# Layla



## LaylaKitty (Nov 3, 2012)

Here are some pictures of my baby Layla...most of the pictures I have are of her sleeping, since that's what she does best.

ps...hopefully I uploaded those correctly :-D


----------



## spirite (Jul 31, 2012)

Oh my goodness what a cutie! How old is she?


----------



## LaylaKitty (Nov 3, 2012)

she is about 4 and a half months, some of those pictures are old...but too cute to not share  

Anybody know if she is considered a tuxedo?


----------



## Leazie (Apr 14, 2007)

Layla is adorable. If she is just black and white then I believe she is a tuxie.


----------



## maggie23 (Mar 10, 2012)

beautiful!


----------



## Heather102180 (Nov 19, 2003)

Very cuddley looking! :-D


----------



## OctoberinMaine (Sep 12, 2006)

What a cute kitty! I've always thought that if I had a girl cat, her name would be Layla.


----------



## LaylaKitty (Nov 3, 2012)

Dropping Layla off to be spayed in a few hours , I'm nervous for her...hope she does okay at the vet overnight. I'm sure tomorrow I'll get some more good cuddly pictures when she is groggy.


----------



## LaylaKitty (Nov 3, 2012)

Here are some more pictures of her cuddling, hopefully she still loves me like this when I pick her up tomorrow.


----------



## jadis (Jul 9, 2011)

She is cute! I heard the song Layla today and thought that would be a good name for a cat.


----------



## spirite (Jul 31, 2012)

hope everything went well!


----------



## LaylaKitty (Nov 3, 2012)

Layla is home from the vet, kinda shaking and chilling out in front of the space heater but she did eat and drink a little bit so hopefully she will be good to go in time to meet the family for Thanksgiving.


----------



## Arianwen (Jun 3, 2012)

Most young, healthy cats recover quite quickly from spaying and I have never know one be less affectionate after it. 

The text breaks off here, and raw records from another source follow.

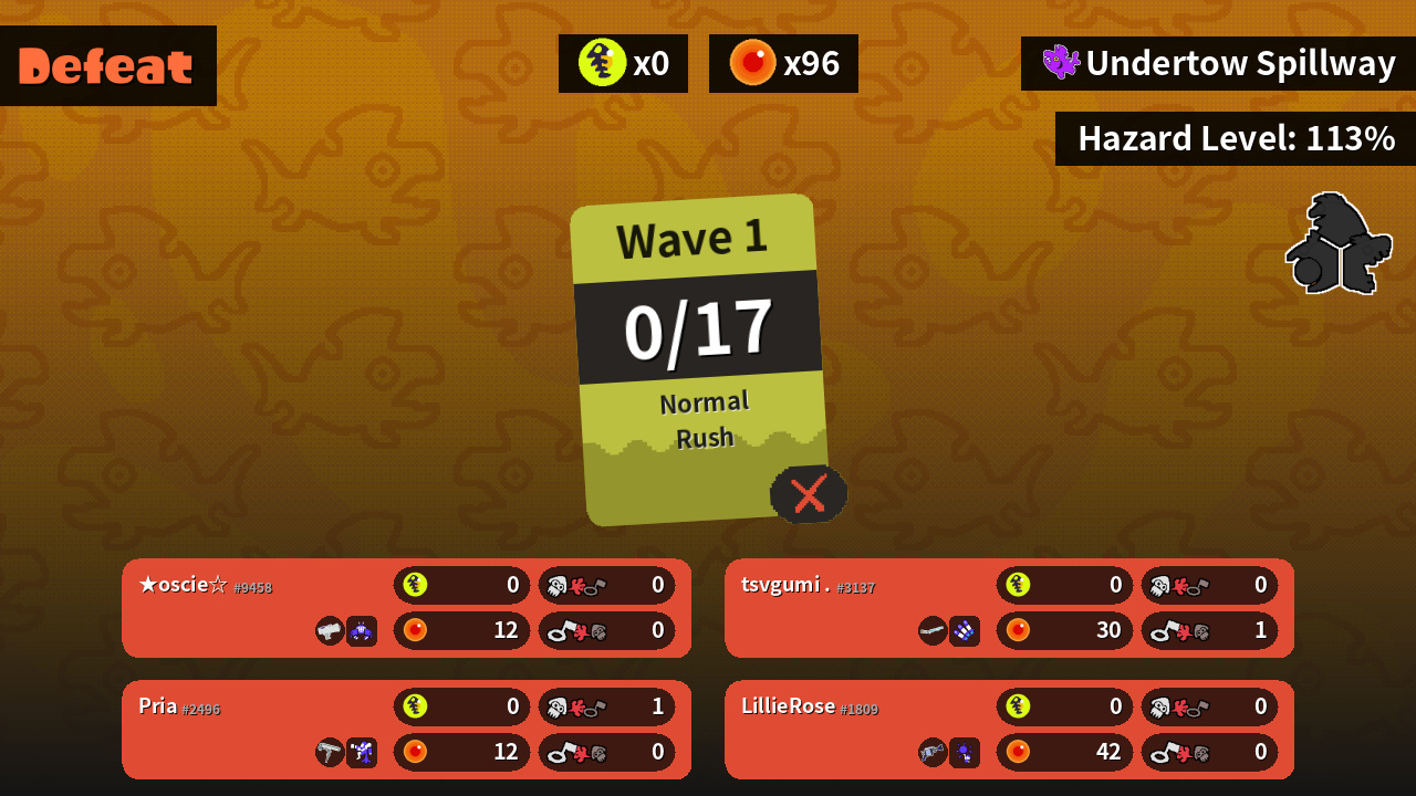 | Special | Crab Tank (0) | Booyah Bomb (0) | Triple Inkstrike (0) | Inkjet (0) |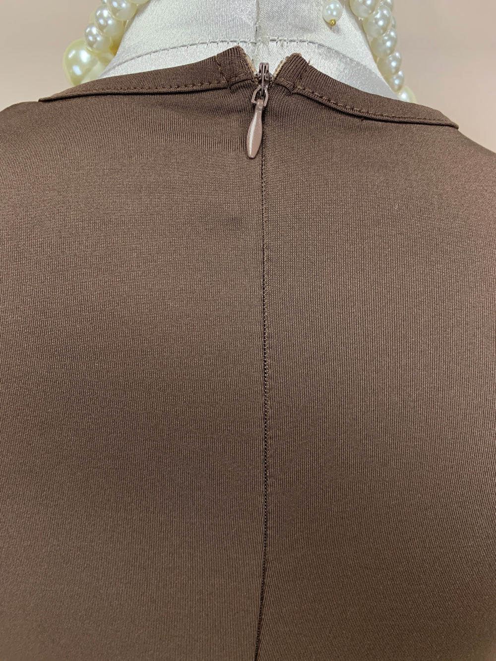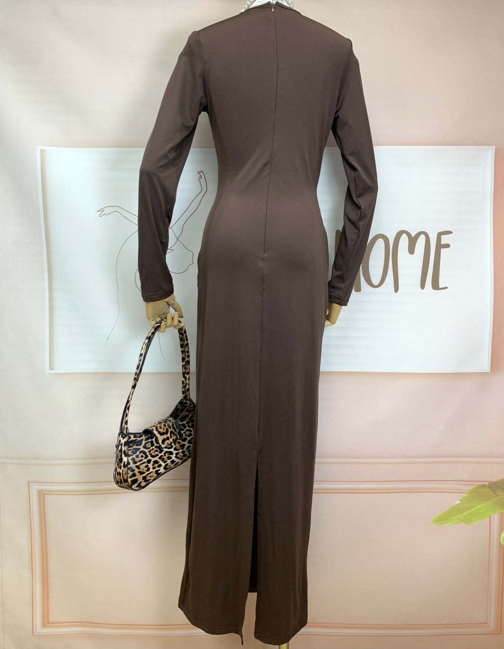 Details: Long sleeve maxi dress with gold-tone circular embellishments at shoulder and hip, side ruched gathering, back slit hem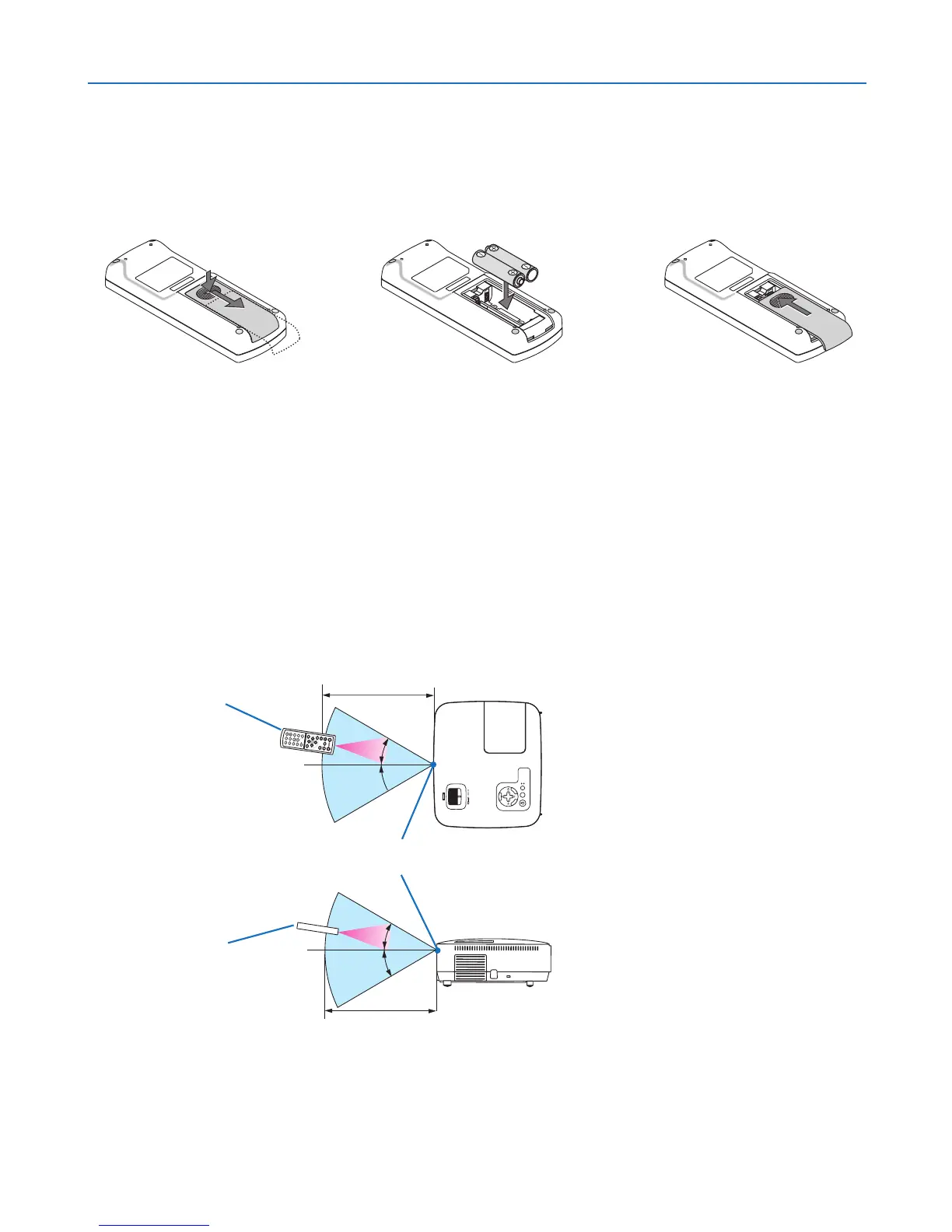 • If you will not be using the remote control for a long time, remove the batteries.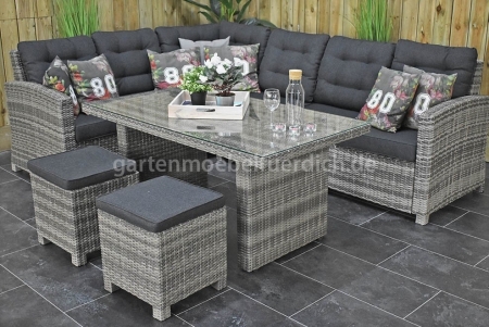 Gartenmöbel Frontera Dining Lounge mit Esstisch und Hocker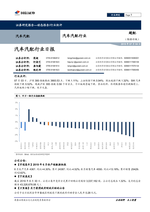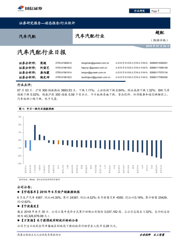 【国信证券】【20190704】汽车汽配行业日报-8页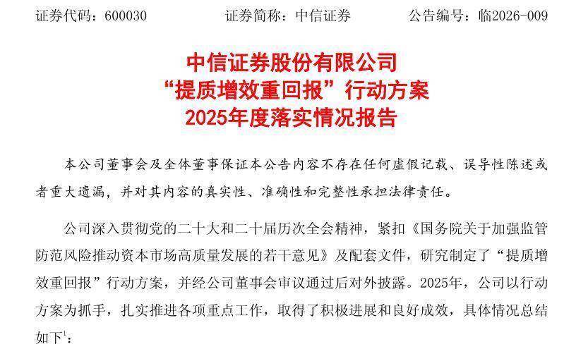 2月2日晚间,中信证券发布“提质增效重回报”行动方案2025年落实情况报告(简称“落实报告”),其中包含公司2025年业绩快报数据、对于“五篇大文章”的落实举措、落实“看门人”职责的情况以及分红情况等。
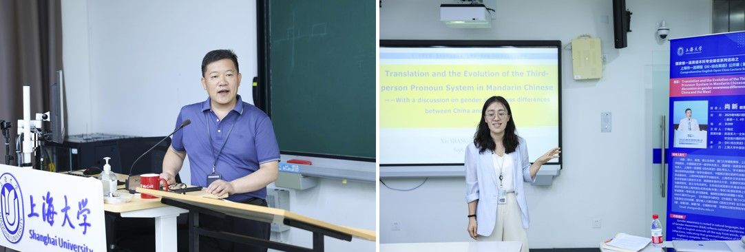 9月22日,600全讯白菜网上海市一流课程《AI+综合英语(1-3)》2025级开学第一课公开课在D209举行。公开课以“Translation and the Evolution of the Third-person Pronoun System in Mandarin Chinese——With a Discussion on Gender Awareness Differences between China and the West”为题,由课程团队负责人、院长尚新教授主讲,团队成员于梅欣副教授主持,团队成员金璐博士和英语系主任马拯副教授共同组织参与,授课对象为英语系2025级新生。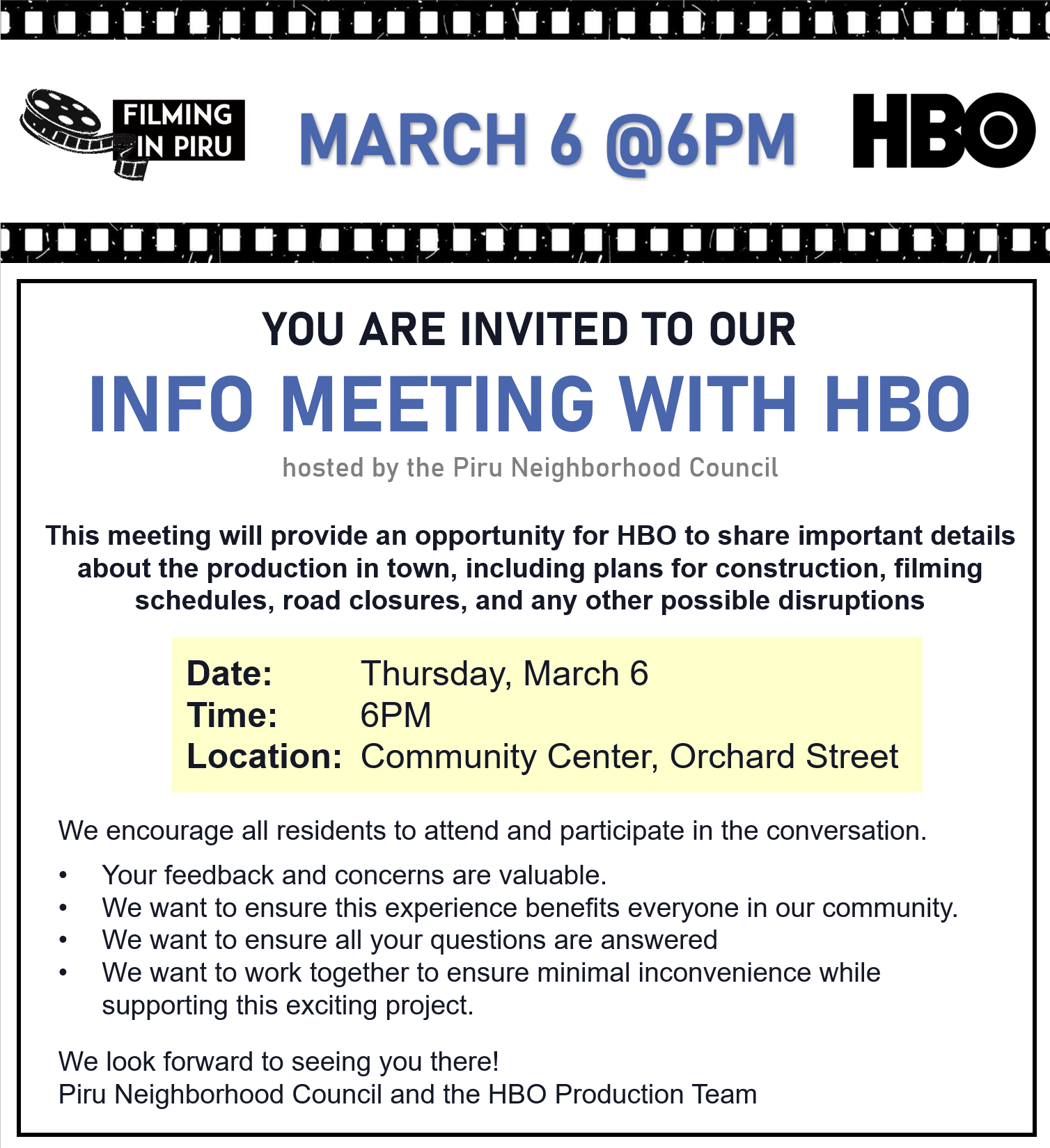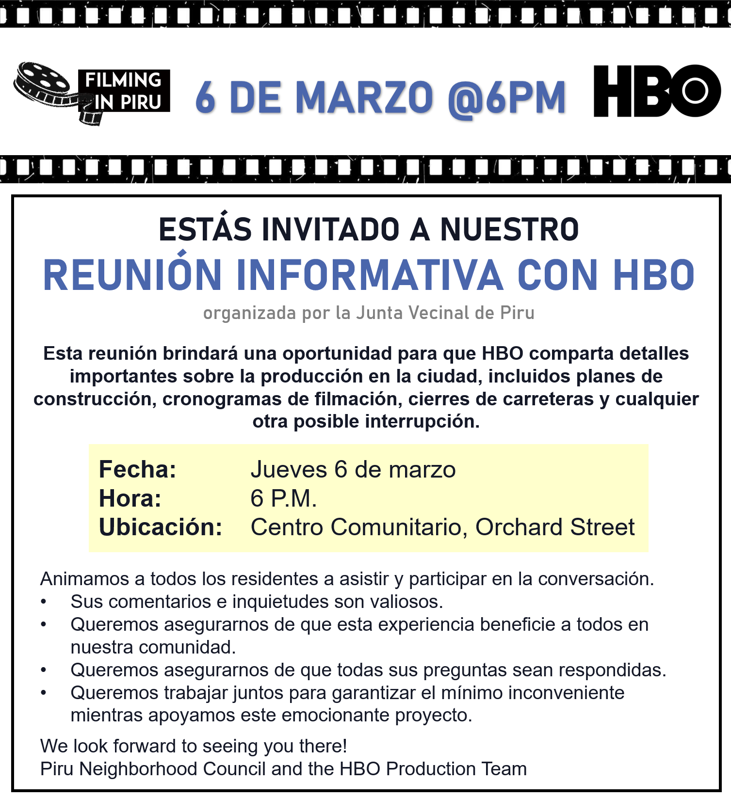 This meeting will provide an opportunity for HBO to share important details about the production, including plans for construction, filming schedules, road closures, and any other possible disruptions. We want to make sure all your questions are answered and that we work together to ensure minimal inconvenience while supporting this exciting project.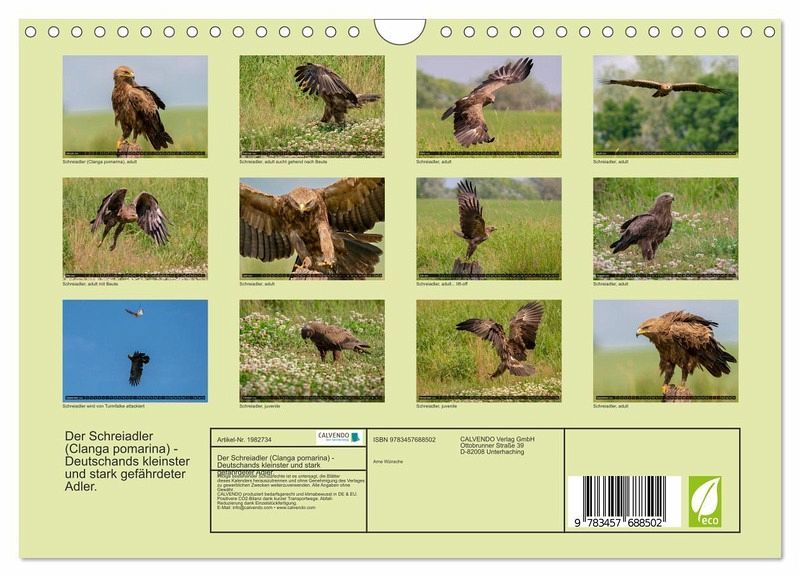 QUALITÄT - Hochwertiger Fotokalender mit 12 wunderschönen Motiven auf lichtbeständigem Bilderdruckpapier, robuste Spiralbindung mit Aufhängebügel.NACHHALTIG - deutliche Abfallreduzierung durch bedarfsgerechte Einzelstückfertigung, umweltfreundliches FSC-zertifiziertes Papier, Produktion in Deutschland, klimabewusste Logistik.PERFEKTES GESCHENK - Kalender für Freunde und Familie, für Kinder und Erwachsene, jung und alt, zu Weihnachten, Geburtstag oder zwischendurch.VIELFALT - Bildkalender in verschiedenen Formaten, z.B. DIN A5, DIN A4, DIN A3 sowie DIN A2. Ob Naturmotiv, Gemälde oder Fotos, ideal für ein persönliches Wohlfühlambiente.Ein Portrait des sehr seltenen Schreiadler, der in Deutschland direkt vom Aussterben bedroht ist. von Autor(in): Arne Wünsche
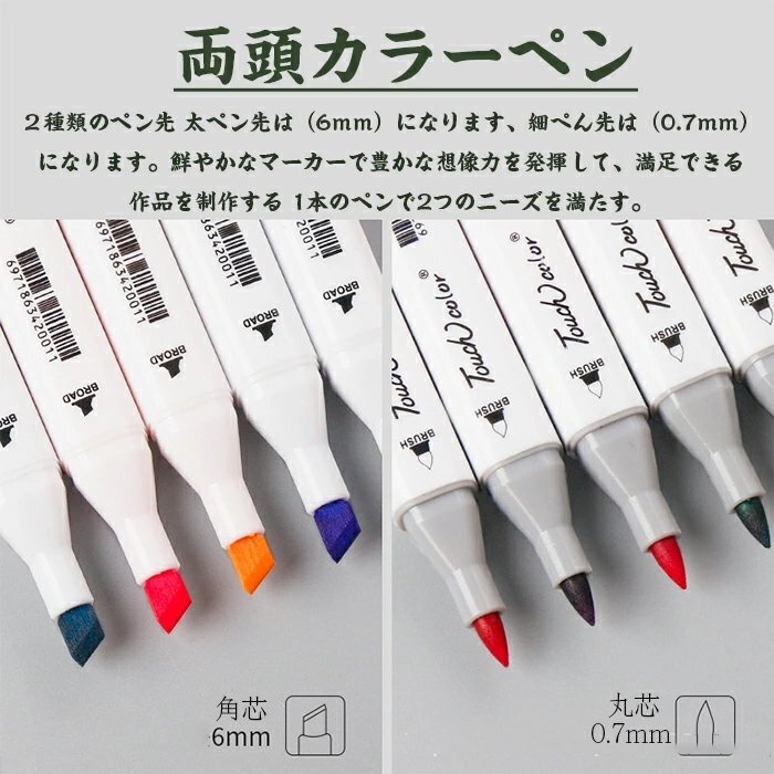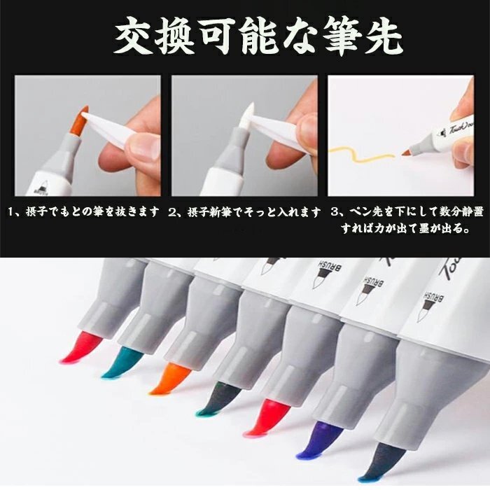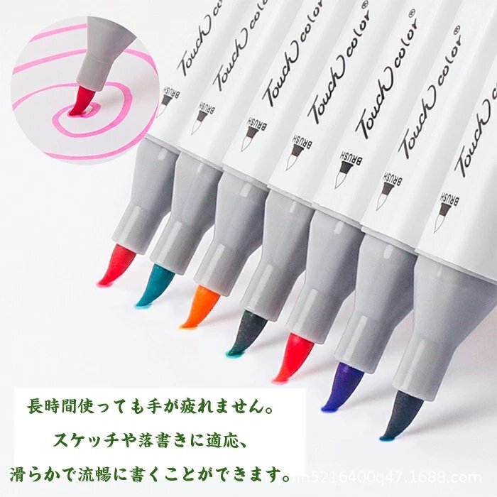 【使いやすい】 柄は人間工学に基づいて作られている四角型のデザインで握りやすいし、滑らかに書くことができます。長時間使っても手が疲れません。アルコール系のインクなので、イヤなにおいもしません。耐水性に優れて色褪せしにくく、インクはすぐに乾燥できるので、手が汚れません。色番号はキャップにはっきり表示されていて、必要な色は迅速に見つけることができます。

She's adorable -I don't understand why black and white is unfashionable - two of mine are black and white and another is white and black.


----------



## LaylaKitty (Nov 3, 2012)

more pictures of Layla, mostly her trying to distract me from studying...but lets be honest I'm a med student so I study too much, I love her distracting me from time to time. The one in the box is her right after she got spayed, she camped out in that box for 2 days in front of the space heater..all healed up and back into trouble now!


----------



## spirite (Jul 31, 2012)

Is she in your backpack in the second picture? It's soooo cute!

"Why study when you can look at me?"


----------



## LaylaKitty (Nov 3, 2012)

yep, she loves my backpack and my purse..I'm getting the impression she wants to come to class with me. I bet she would think differently if she knew that my med school shares buildings with the veterinarian school..lol.


----------



## Leazie (Apr 14, 2007)

She looks like she is playing zombie in the last picture :wink:


----------